:: The data ::
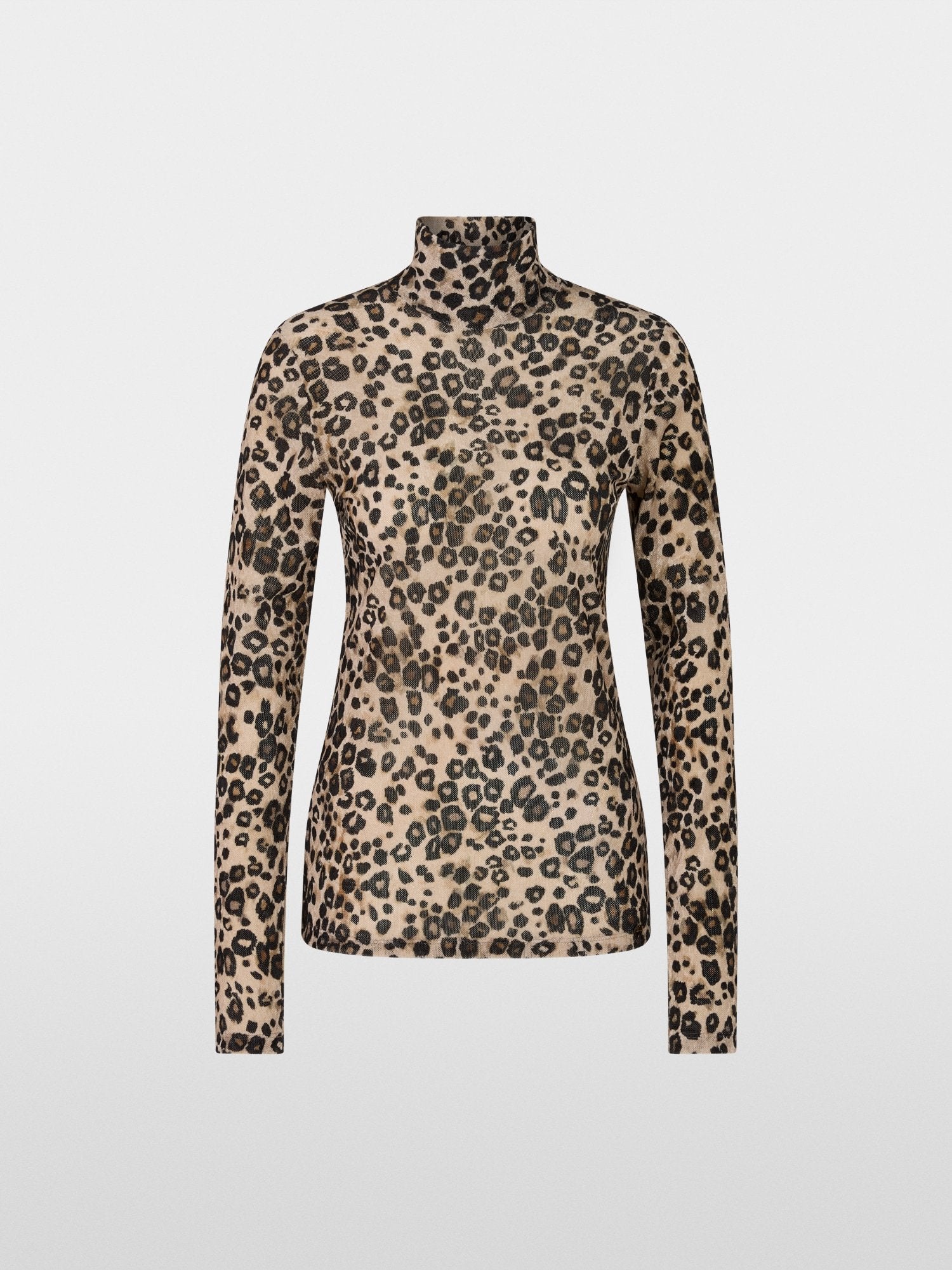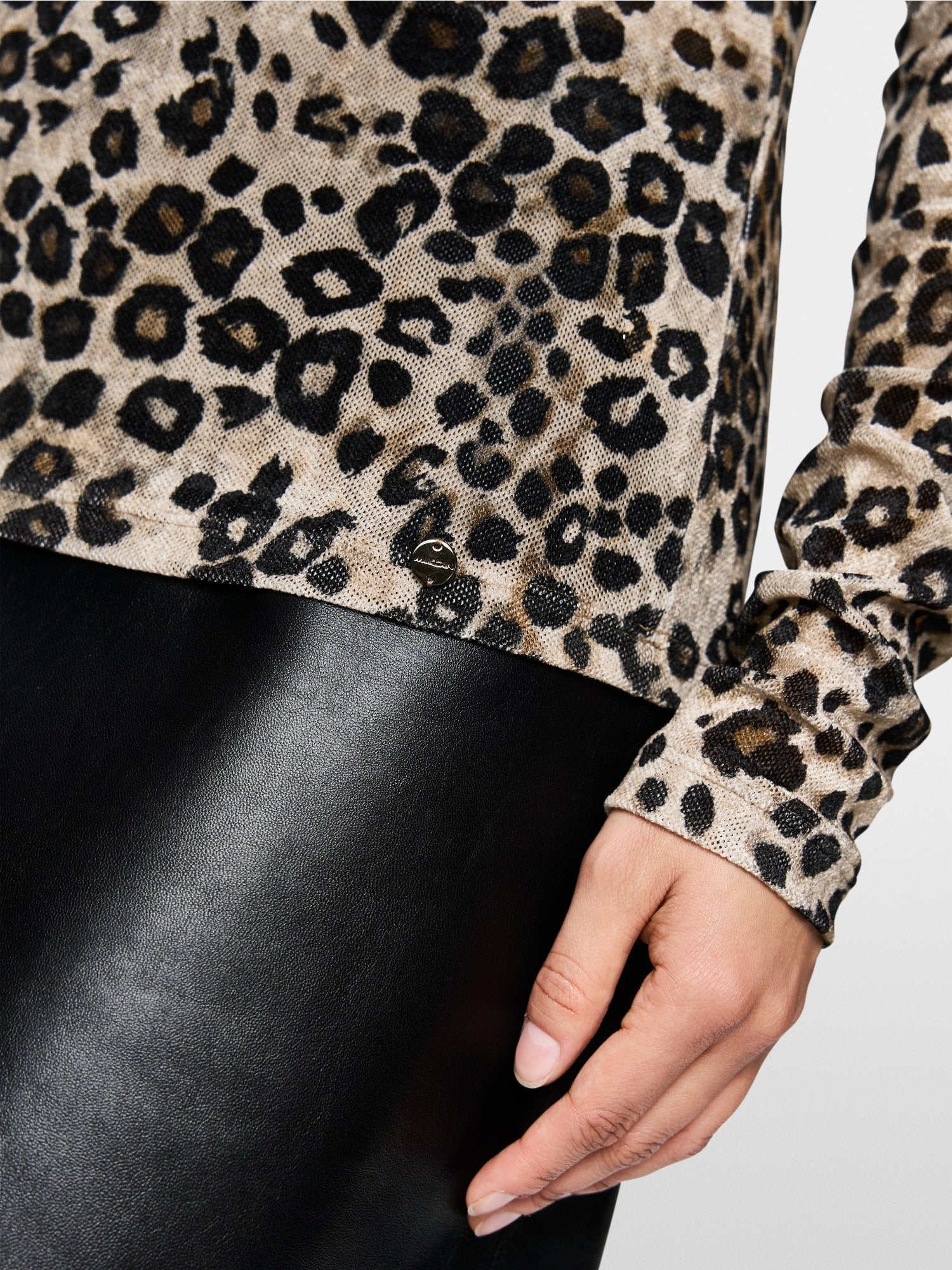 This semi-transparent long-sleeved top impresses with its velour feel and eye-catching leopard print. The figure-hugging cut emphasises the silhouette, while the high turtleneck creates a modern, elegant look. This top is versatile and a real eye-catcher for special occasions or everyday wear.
:::
:: The data ::
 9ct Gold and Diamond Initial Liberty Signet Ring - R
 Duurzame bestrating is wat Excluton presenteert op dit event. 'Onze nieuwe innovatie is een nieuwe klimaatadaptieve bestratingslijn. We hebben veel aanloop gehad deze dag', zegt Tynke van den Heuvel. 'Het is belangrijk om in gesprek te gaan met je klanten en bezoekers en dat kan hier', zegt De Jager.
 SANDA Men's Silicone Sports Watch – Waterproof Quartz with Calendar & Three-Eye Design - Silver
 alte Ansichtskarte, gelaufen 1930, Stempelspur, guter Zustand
:::
→ To do
The exact lines of the material above starting at the one that contains "SANDA Men's Silicone" and ending at the one that contains "alte Ansichtskarte, gelaufen" are what to retype; leave out everything else.

→ Output of the task
 SANDA Men's Silicone Sports Watch – Waterproof Quartz with Calendar & Three-Eye Design - Silver
 alte Ansichtskarte, gelaufen 1930, Stempelspur, guter Zustand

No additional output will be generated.